Ah! We were brothers then, and then we pledged
Eternal friendship in those earlier times
—Fool that I was! But as we looked around,
And viewed the wild chaotic waste, the sun
The moon, the stars, all ignorant of their tasks,
Knowing not each his place, then Odin told 
How he would build a world, a home for man, 
And lay the Ocean round it like a cloke;
Confining to its utmost marge the vast
Uncomely giants and the monsters fell;
And over all that lived create the gods,
Companions to himself, and he proposed
To make the conjuring dwarfs and beasts and men,
Building for each its habitation meet.
But even in that early age I saw
The awful error and injustice dread. 
Then, knowing what I knew, addressed the god.
“Odin! And who art thou to make a soul
And force it into being? Who art thou
To bring forth men to suffer in the world
Without their own desire? Remember this,
In all the universe the harshest law,
No souls must ever die: it can but change
Its form and thro' the myriad years
Must still drag on for aye its weary course,
Enduring dreadful things for thy caprice.”
He answered darkly, with uncertain words
Hiding his thoughts. And when I would have called
The new made universe to sleep again,
Me he forbade, and with his magic power
Bound as his slave, bound me to work for him.
Thus, therefore have I lived thro’all these years,
Forced to obey the mighty criminal,
The father of injustice, he who makes
Sorrow and pain on earth, in heaven strife.
But not for ever shall his rule endure,
And even now in plans unknown to him
I set on foot destruction for the gods.
In Asgard, stone on stone shall not be left
And all the gods shall perish—haste that day.
Let all of them such pains as they have caused
Soon taste in full and learn what sorrow is!!
Curse them, the light-souled gods! Yea, curses on them!!
What form is this that glistens up aloft,
Athwart the gathering darkness? What that cry
Echoing wild across the riven clouds?
Lo! The bald ravens flutter down to earth:
’Tis Odin that I see. The cloud grey steed
Flies through the storm clouds, and upon his back
The grim creator of the world is borne.”

***
Fasholt: “Hail strangers! Who are ye that sit alone
Thus brooding in the cruel winter night?
Nay, answer not; for I perceive myself,
Ye are the high gods’ kinsfolk, and ye wait
Doubtless to watch the building of my wall.
Well, rest assured of this: it shall be done,
For I am bent on gaining that dear prize,
To cheer my lonely home in Jottumheim.”
***
Yonder, over the hill, the pale precursor of Billing
Paints with a ghostly line of white that corner of heaven:
Down in the silent woods, to the Westward, buried in shadow,
Tho’ it be still dark night, yet every bird hath awoken.
Borne on the chill night breeze, a restless whisper ariseth,
Where they are stirring below, chattering down in the thickets.
Now, with a ruddier tint, the roofs of adorable mansions
Gleam in the city above, high in impregnable Asgard.

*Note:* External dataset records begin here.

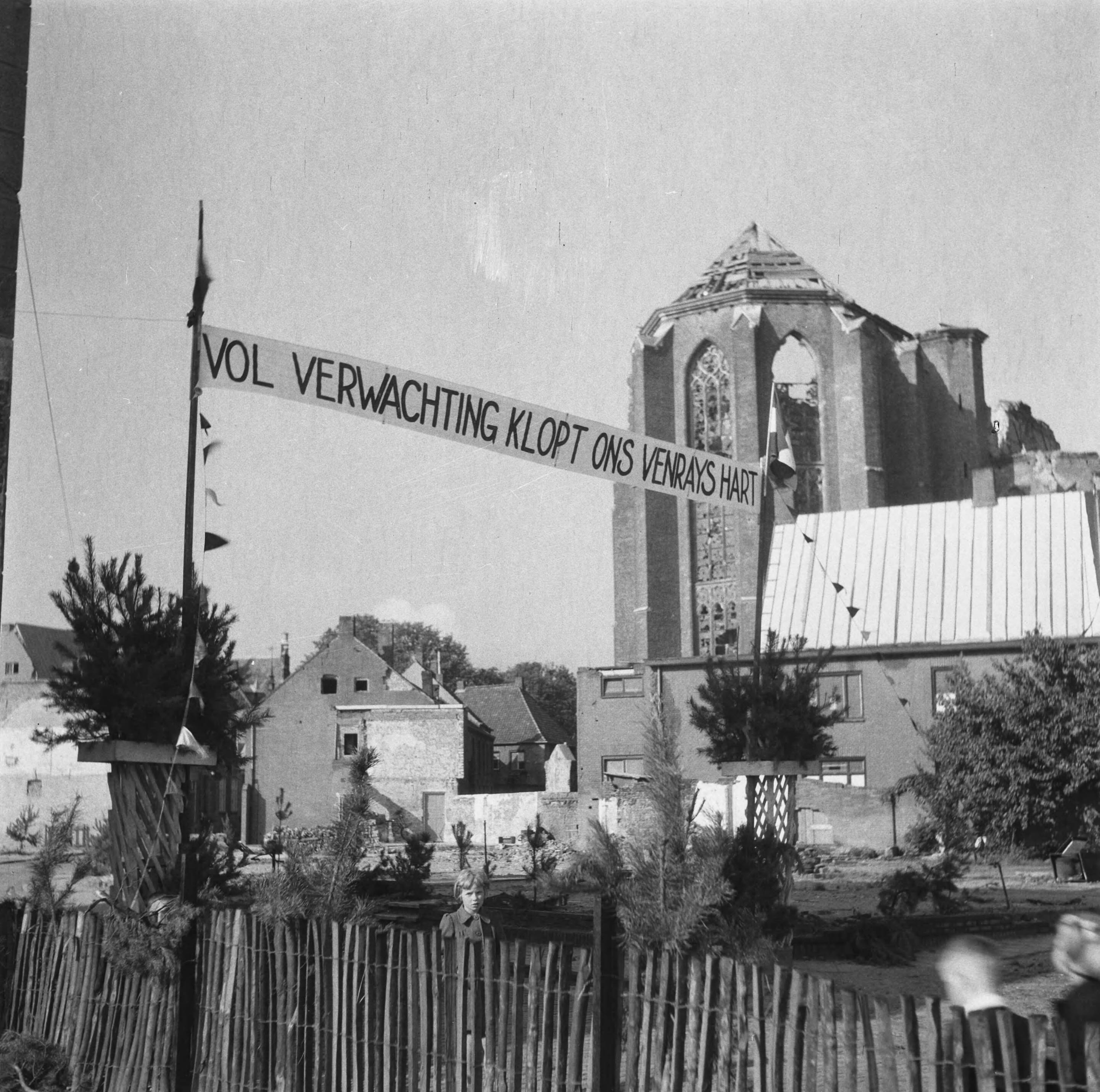 Hulpactie voor Venray. Spandoek ´Vol verwachting klopt ons Venrays hart´
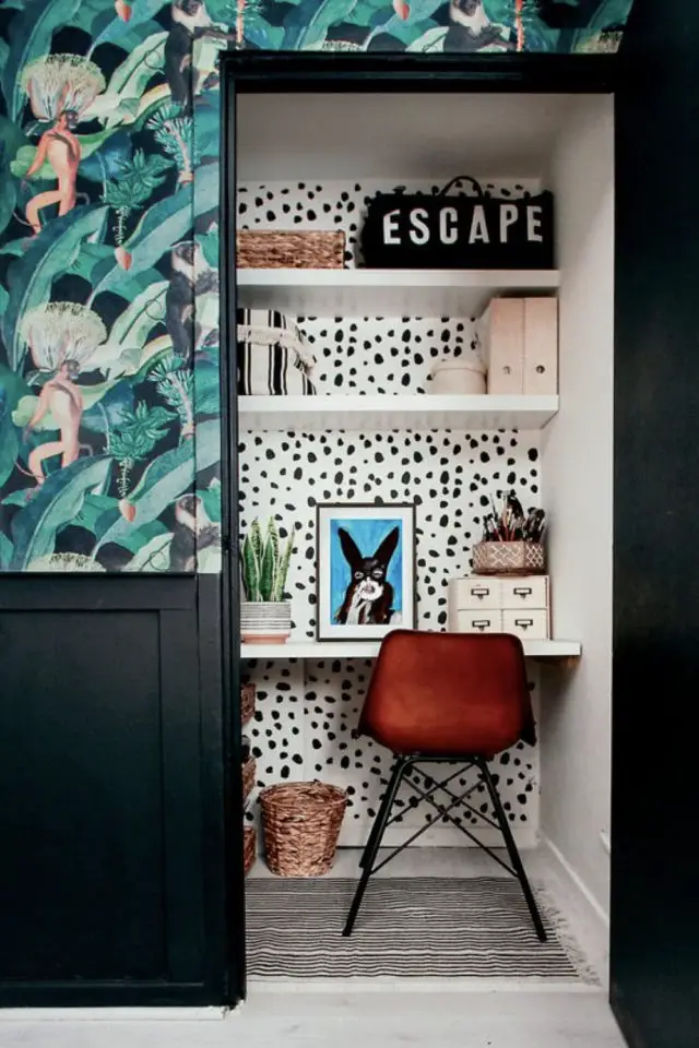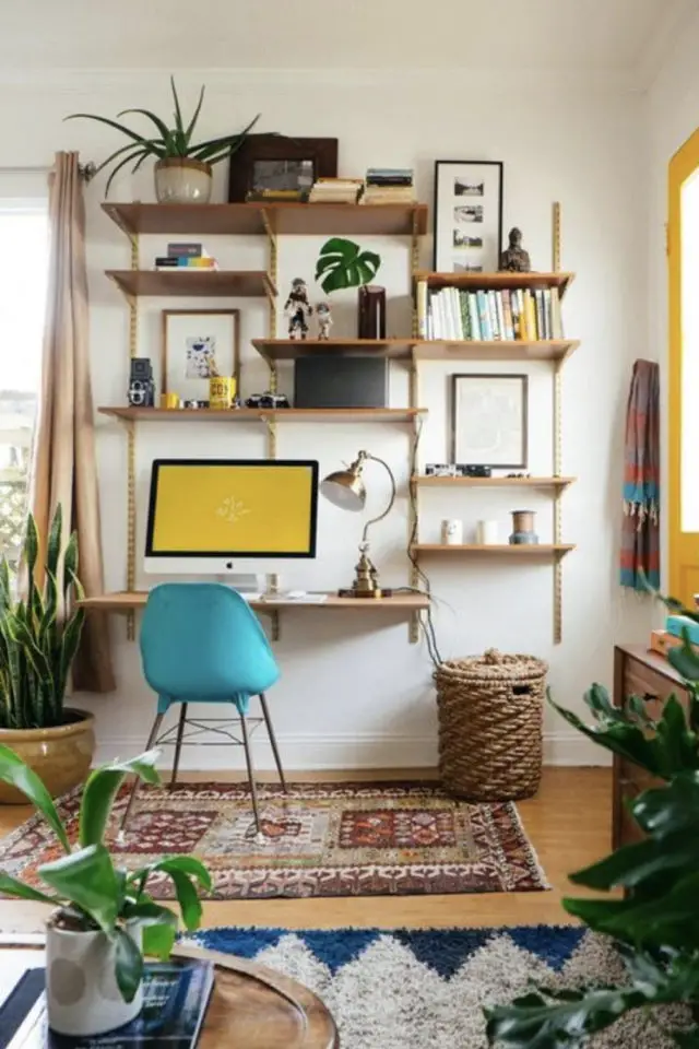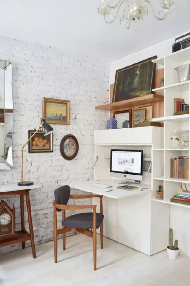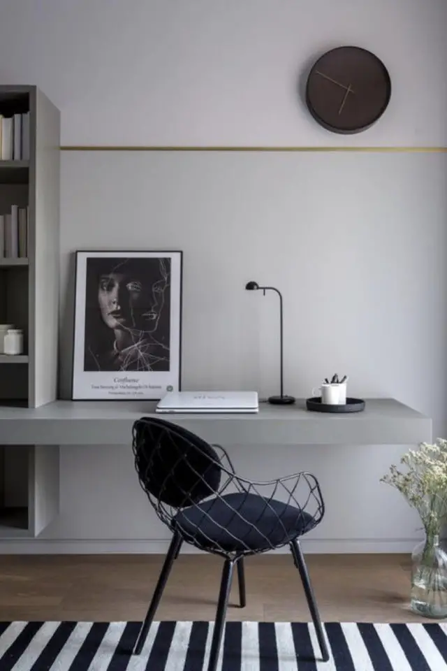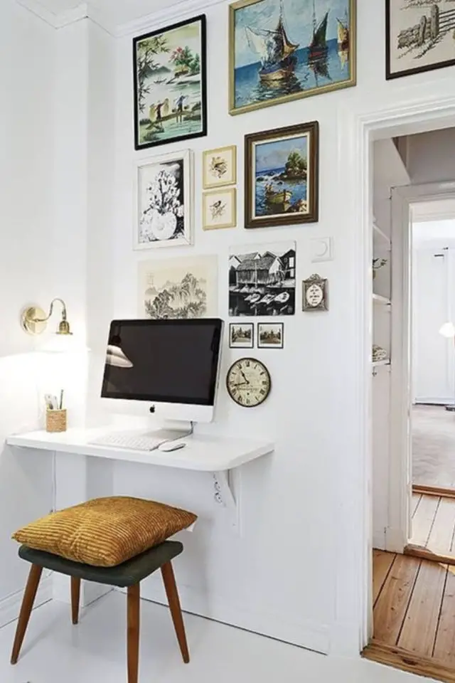 20 • Dernier bureau: une tablette murale peinte en ton sur ton. En plus d'être vraiment peu encombrante, elle disparait en se confondant avec le mur. C'est une solution pratique à la fois pour les petits espaces et les petits budgets.
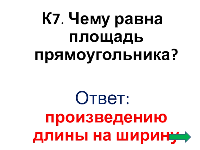 К7. Чему равна площадь прямоугольника? Ответ: произведению длины на ширину
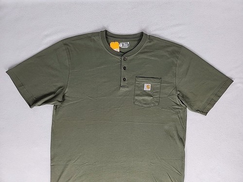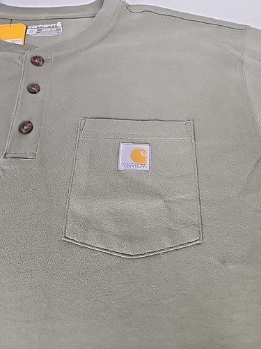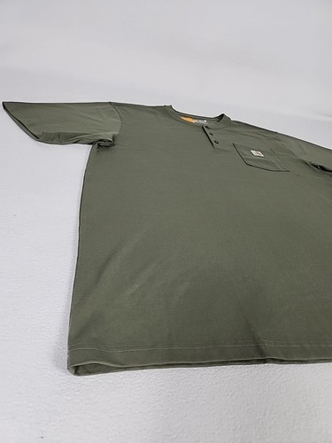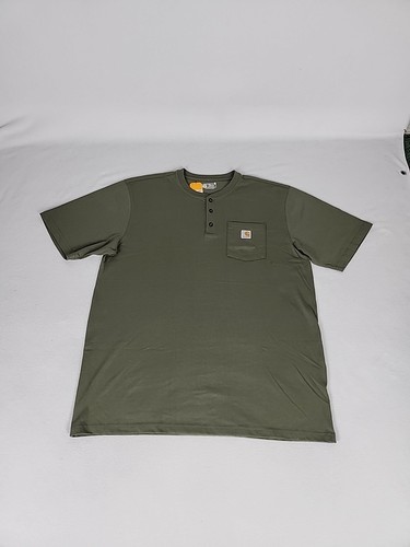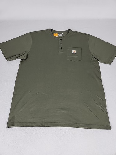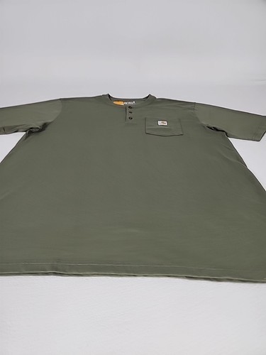 Carhartt Henley Loose Fit Short Sleeve T Shirt Size XL Tall Men's Green Heavy
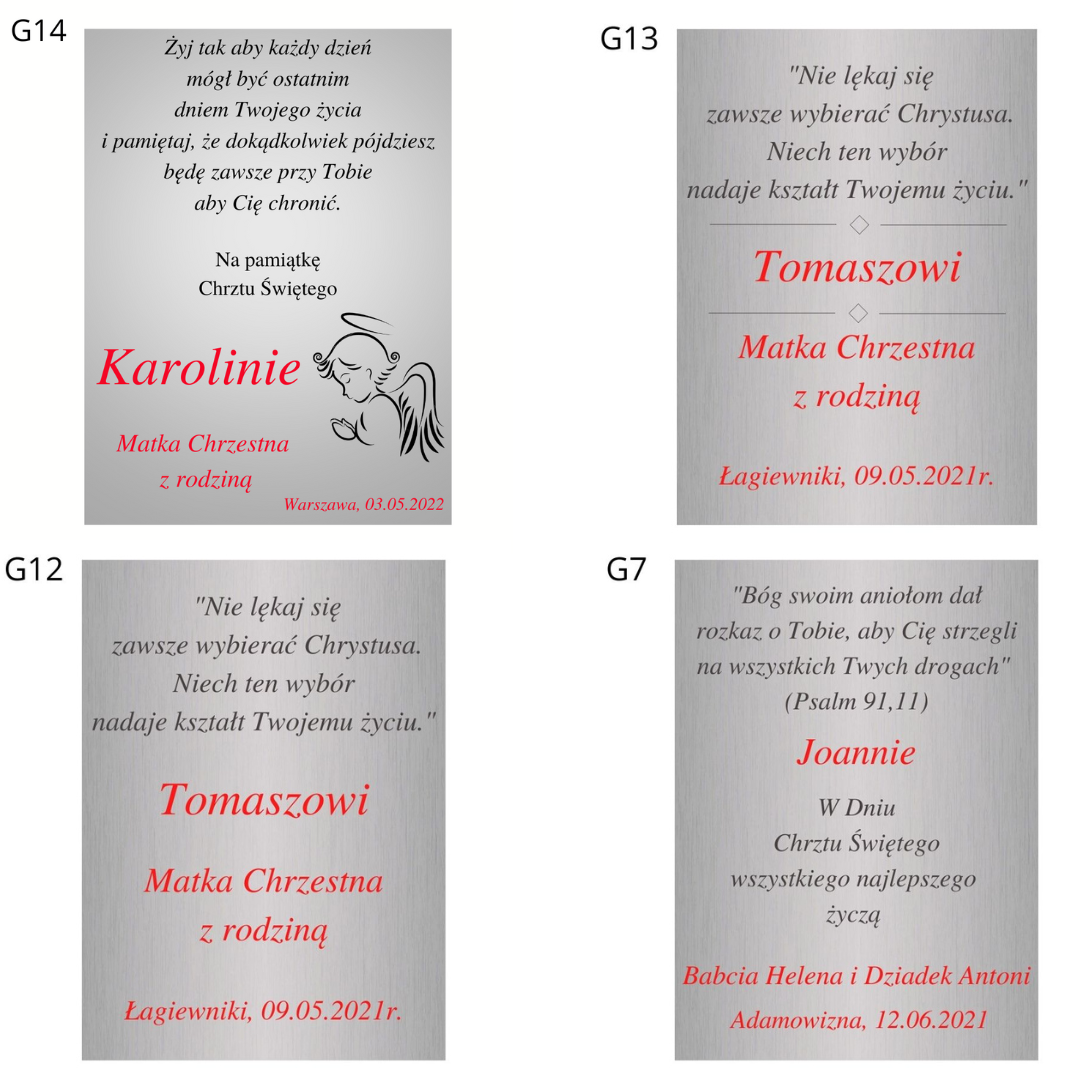 Skorzystaj z naszych wzorów lub stwórz własny oryginalny tekst graweru - usługa GRATIS.
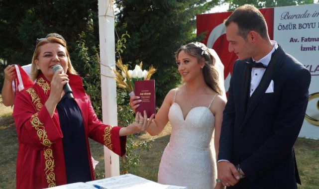 Kocaeli'de İzmit Belediyesi'nin halkın hizmetine sunduğu Gülümse Kafe'de yılın ilk nikah töreni gerçekleşti. İzmit Belediye Başkanı Fatma Kaplan Hürriyet'in kıydığı nikah töreni ile birlikte Tolga ve Çiğdem çifti dünya evine girmenin mutluluğunu yaşadıKOCAELİ (İGFA) - İzmit Belediye Başkanı Fatma Kaplan Hürriyet Yahya Kaptan Mahallesi'ndeki Gülümse Kafe'ye geçtiğimiz sene yeni bir misyon daha ekleyerek, kafe bahçesini açık hava konseptli nikah alanı olarak İzmitlilerin hizmetine sunmuştu.Genç çiftlerin birbirleri ile bir ömür geçirmek için 'evet' dediği 200 kişilik butik organizasyonlara ev sahipliği yapılabilen Gülümse Kafe'nin nezih bahçesinde bu yılın ilk nikah töreni gerçekleşti.Gülümse Kafe'de yapılan nikah töreninde Mustafa-Emel Çelebi çiftinin oğulları Tolga ile Necdet-Sibel Keskin çiftinin kızları Çiğdem hayatını birleştirdi.İzmit Belediye Başkanı Fatma Kaplan Hürriyet'in kıydığı nikahın şahitliklerini ise Serpil Fidan ve Serdar Akeroğlu gerçekleştirdi. Nikah akdi sonrasında genç çifte Türk Bayrağı, Gazi Mustafa Kemal Atatürk'ün fotoğrafı ve Kocaelispor armalı yastık hediyesi takdim edilirken Başkan Hürriyet genç çifte bir ömür boyu mutluluklar diledi.
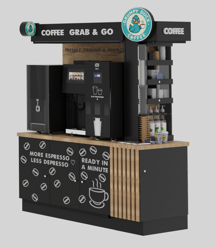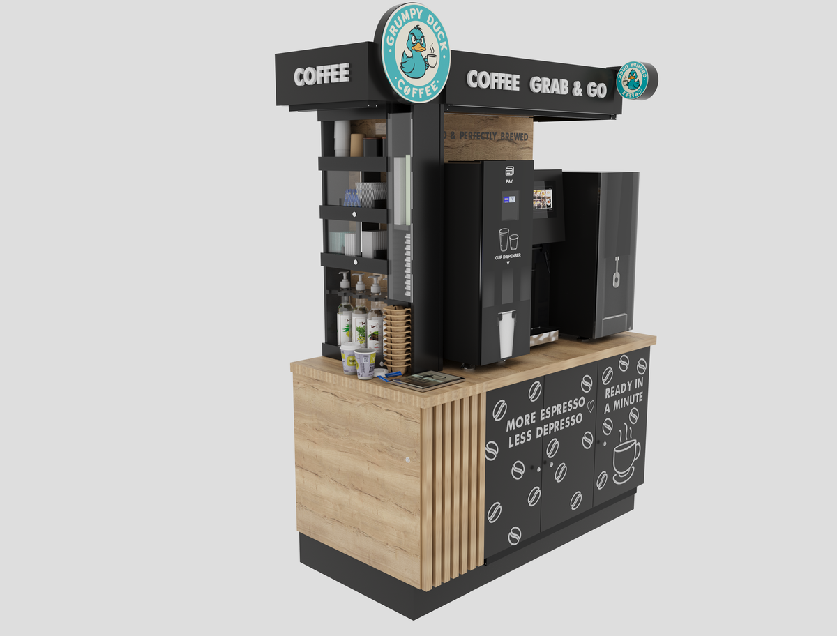Grumpy Duck Coffee is a U.S. manufacturer of smart, fully automated self-service coffee kiosks that serve premium hot and iced beverages.

Lo! He is coming at last, the sun, and wherever he touches


Mountain or wall with his rays, with his life giving breath he ignites it.
Now from the vale and the hill, from the throat of many a songster
Poureth the song of the dawn, the song that is old as the mountain.

Gone is the night of our fear: let us greet the day with rejoicing.
Praising, each from her heart, the Norns that have pitied our sorrow.
Who cometh hither in haste, so wild and so eager for tidings?
Surely over the brow of the mountain Loki appeareth.
***
Odin: “So be it then. The day
Of doom at last has fallen. Wo is me,
Never again as in the days of yore,
To clasp thy hands in friendship, or to walk
Together through the chaos, as of old
Ere yet the worlds were builded! Thou alone
Couldest be my friend, or understand. For these—
Gods, men, or beasts, what are they but my self,
Mirrored again in myriad forms? Alas,
How weary is my soul……
But let us come,
Oh, maidens, and repair to heaven’s halls.